If you have seen the movie, or the play, you will recall the scene where Maria was attempting to teach the seven von Trapp children to sing; something that had been missing from their home since the death of their mother. During the “Do-Re-Mi” sequence Maria sang a series of notes, “do, so, la, fa, mi, do, re,” based on a musical theory known as “solfege,” in which every note in the major scale has a certain unique syllable (do-re-mi-fa-so-la-ti-do), and asked the children to repeat what she had sung.

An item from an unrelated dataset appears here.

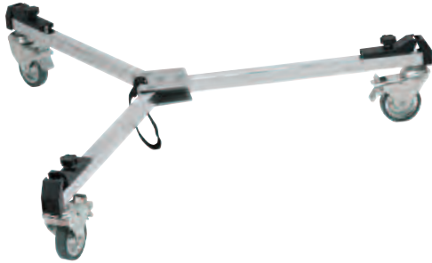
DOLLY II 617-702

SLIK offers a selection of short columns for low angle photography as well as extra and replacement quick-release shoes for SLIK tripods. Please visit our web site at www.thkphoto.com for a full list of accessories.
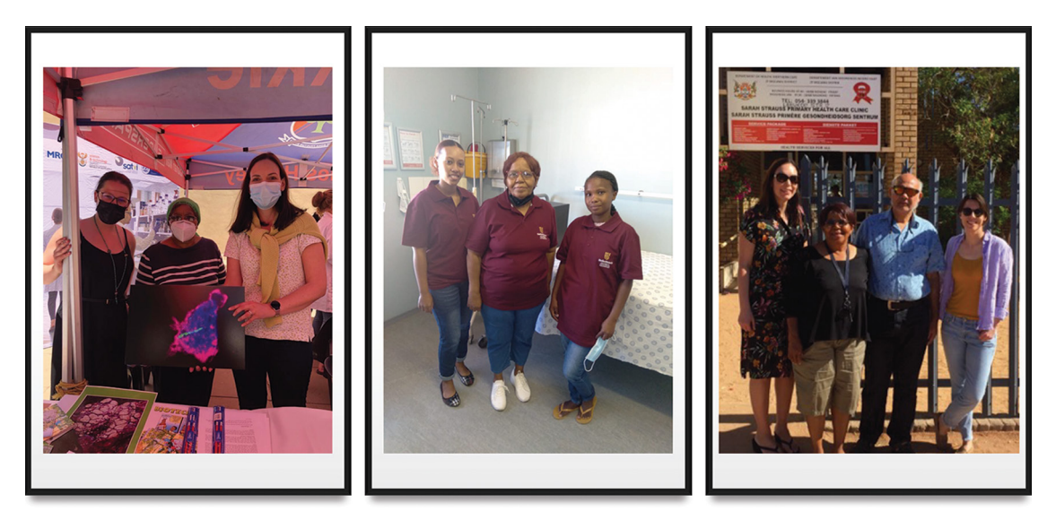
Figure 2: Human genetics research is built on community participation and collaboration. As part of our research, local clinics were better equipped and community members were trained to assist with recruitment. Pictured here are study co-investigators, the study nurse and community members involved in recruitment.

Our study highlighted the critical role that DNA from contemporary Africans can play in understanding deep human history. By integrating the genetic data of a large number of contemporary individuals and groups, we can better anticipate and explain genetic variation in presentday individuals, allowing us to apply these models to health-related research concerns. There is clearly still much to be learnt by focusing on genetic data from contemporary individuals, especially when ancient DNA – crucial in revealing intriguing history and answering important concerns – may not exist for the relevant time periods, as is typically the case in Africa. Overall, our results contribute to a better understanding of human, and specifically African, population history and highlight the limitations of simplistic models, encouraging the re-evaluation of previous interpretations of genomic and fossil data.

Maria continued to build on the complexity of her sequence, which the children, of course, repeated beautifully. It was at the height of this complexity of seemingly disconnected notes that the youngest of the von Trapp children, Gretl, tugs at Maria’s skirt and bravely announces, “But it doesn’t mean anything;” and she was correct. What the children were singing appeared to be random notes (data) that lacked meaning. . . until Maria emphasized this was a melody made up of the notes and then added the lyrics, “When you know the notes to sing, you can sing most anything.” In other words, Maria provided a context through which to understand and make meaning of the data (notes).

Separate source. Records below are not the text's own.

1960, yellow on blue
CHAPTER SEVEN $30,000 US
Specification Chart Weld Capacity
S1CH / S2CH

Educators are asked – no; directed – to be “data-driven,” and I have come to believe that this mantra may be the wrong approach to advocate, for while it is well-intended, without a deeper understanding and appreciation for making meaning of data, it may result in “doing the wrong things ‘righter’” (see previous article with the same title). We might look at the data, sometimes just one or two data points, believe we understand what it means (which may be a dangerous assumption) and then take action to improve the data. This observation is not a criticism of educators, but of the educational system; one that is too heavily driven by numbers without context and meaning, and one that may not prepare educators to be “meaning-makers” of data. As an example of the latter, in graduate school there is typically some requisite course in “educational research” and through the experience, educators learn how to manipulate statistical data using descriptive and inferential statistics employing statistical tools and processes that support their formal research. And while these tools and methods have value in undertaking academic research, there is a question as to whether they prepare educators in the field – on the front lines – to make sense of student data.

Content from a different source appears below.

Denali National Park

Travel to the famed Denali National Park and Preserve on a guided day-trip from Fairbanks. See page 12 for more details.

So, “by what method” might we pragmatically develop knowledge and make meaning that leads to action and improvement when confronted with student data that we collect? Let me offer two examples. One method comes from category seven (Results) of the Baldrige Performance Excellence Framework, communicated in the form of an acronym – LeTCI (pronounced “letsee” – emphasis on “lets”). The “LeTCI” framework focuses on the following:
- Le – current levels of performance
- T – Performance trends over time. In Baldrige, a minimum of three consecutive data points, at minimum, in any direction is required to be considered a trend.
- C – Making Comparisons with like students or groups
- I – Integration, to determine to what degree our results measure what matters.
Through the LeTCI method, educators determine at what level a student, or group of students, are performing. They would then look at multiple data points to determine if any trends, positive or negative, are present. Then, they compare the data with “like” students or groups, being careful not to use the data to rank, sort, or judge students, but rather, as Dr. Deming reminds us, to use results to help us coach and improve others’ performance. And, finally, determine if what is being measured is actually what is important to the school district and its customers – parents and the community. Through this examination and “meaning making” of the data, we can better understand what the data means in order to develop, implement, and monitor effective improvement plans.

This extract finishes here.